生成系 AI の業務利用ガイドラインを紹介します
こんにちは、くふうカンパニーグループである株式会社 Zaim の @unicco です。先週、発表した通り当社では ChatGPT Plus の利用料を全社員に対して補助する制度を始めました。
ここで言及していた「利用ガイドライン」に関して「どんな内容かを知りたい」という問い合わせをいくつか受けましたので、現時点のものをここで紹介しようと思います。
なお策定にあたっては DevOps に強いエンジニア(@bbz662)を中心に、情報セキュリティや危機管理対応を統括する IT 戦略室と法務担当、データサイエンティスト(@koya3to)というグループを横断したチームを作り、約 3 日で完成となりました。
生成系 AI 利用ガイドライン
現版ではマイクロソフト社が出資する OpenAI 社が提供する ChatGPT の業務利用に限って記載します。 適宜アップデートしていきます。
ChatGPT の概要
OpenAI 社が開発した人工知能チャットボットです。人間のテキストを学習し、それに基づいて新しいテキストを生成することができます。Web 上でチャット形式で使えるサービスで、ユーザーが入力した質問に対して、まるで人間のように自然な対話形式で AI が答えます。
ChatGPT の種類
ChatGPT には二つの利用方法があります。
Web ブラウザ版
Web ブラウザで ChatGPT を開いて利用する方法です。前項で示した画像がこれにあたります。
費用
無料で無制限に利用可能
入力したデータ
OpenAI 社が保持し 学習データとして利用する
漏えいリスク
第三者の ChatGPT の出力結果に現れる可能性あり
入力したデータは削除できない
API 版
API を使用してプログラム的に利用する方法です。
費用
使用量に応じて従量課金
入力したデータ
Open AI 社が 一定期間、保持した後に削除する
学習データとして利用されない
データの区分
前述の通り ChatGPT は利用方法によってデータの取り扱いが異なります。データの区分ごとに、入力して良い情報を定めています。

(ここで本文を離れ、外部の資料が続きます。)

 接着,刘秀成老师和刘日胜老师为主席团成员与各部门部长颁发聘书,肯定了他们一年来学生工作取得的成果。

なお、情報区分に関わらず、サービス利用規約・プライバシーポリシー・契約関係にしたがって情報を取り扱うことを前提としています。
区分ごとのデータ例
極秘
個人情報
ユーザーの登録情報
特定の個人を識別できる履歴情報
開発関連情報
ログイン情報・アクセスキーなどの認証情報
ビジネス関連情報
営業秘密、契約上の秘密情報・機密情報
親会社との取引などの重要事実
社外秘
ユーザーから取得した情報(個人情報を含まない)
問い合わせ内容
アンケート
開発関連情報
非公開リポジトリ上のソースコードなど
公開
サービスに関する公開情報
クチコミ情報(アプリストア・Google など)
開発関連情報
公開リポジトリ上のソースコード
サイト上で誰でもアクセスできる状態の記事データ
出力した情報の取り扱い
ChatGPT を用いた出力の商用利用は禁止されていないものの、出力を利用する場合は OpenAI の利用ルールに従う必要があります。例えば、2023 年 3 月 20 日時点では以下のようなルールがあり ChatGPT の出力をユーザーに提示する場合は以下の相談窓口へ積極的に連絡してください。

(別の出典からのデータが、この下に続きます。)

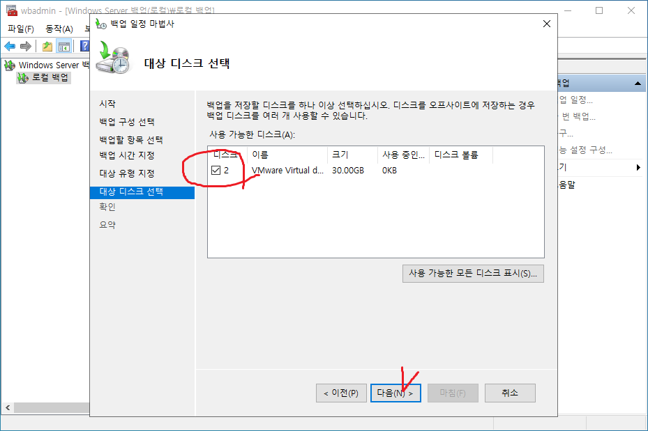11. 사용 가능한 백업 전용 디스크를 조회한다.

OpenAI は ChatGPT の出力に著作権を主張しない
一方でコンテンツが既存の著作物からの引用や改変である場合は著作権侵害になる可能性がある
出力に商標権を侵害する可能性がある場合は適切な許可を得るか商標を削除、修正する必要がある
金融助言を提供する場合は有識者のレビューなしで情報を提示できない
消費者向けに AI の出力を使う場合は免責事項で AI を利用していることを示す必要がある
対話システムでは AI が介在していることを示す必要がある
また、ChatGPT など生成系 AI が出力する情報は必ずしも正しいとは限らず、特定の意見に偏った回答をすることがあります。レピュテーションリスクを抑えるためにも、ユーザーに対して出力をどのように提示するかについては慎重に検討する必要があります。
相談窓口
入力する情報レベルが分からない
Asana にある「生成系 AI の利用可否を確認する」というテンプレートにて、担当者に判断を仰いでください。
誤って重要な情報を入力してしまった
すみやかに上長にご連絡ください。
ChatGPT plugins の発表など先週から今週にかけても大きく生成系 AI の状況は変わっていますので、あくまでも上記は 2023 年 3 月 24 日時点の内容となります。社内でも日々アップデートしていく予定です。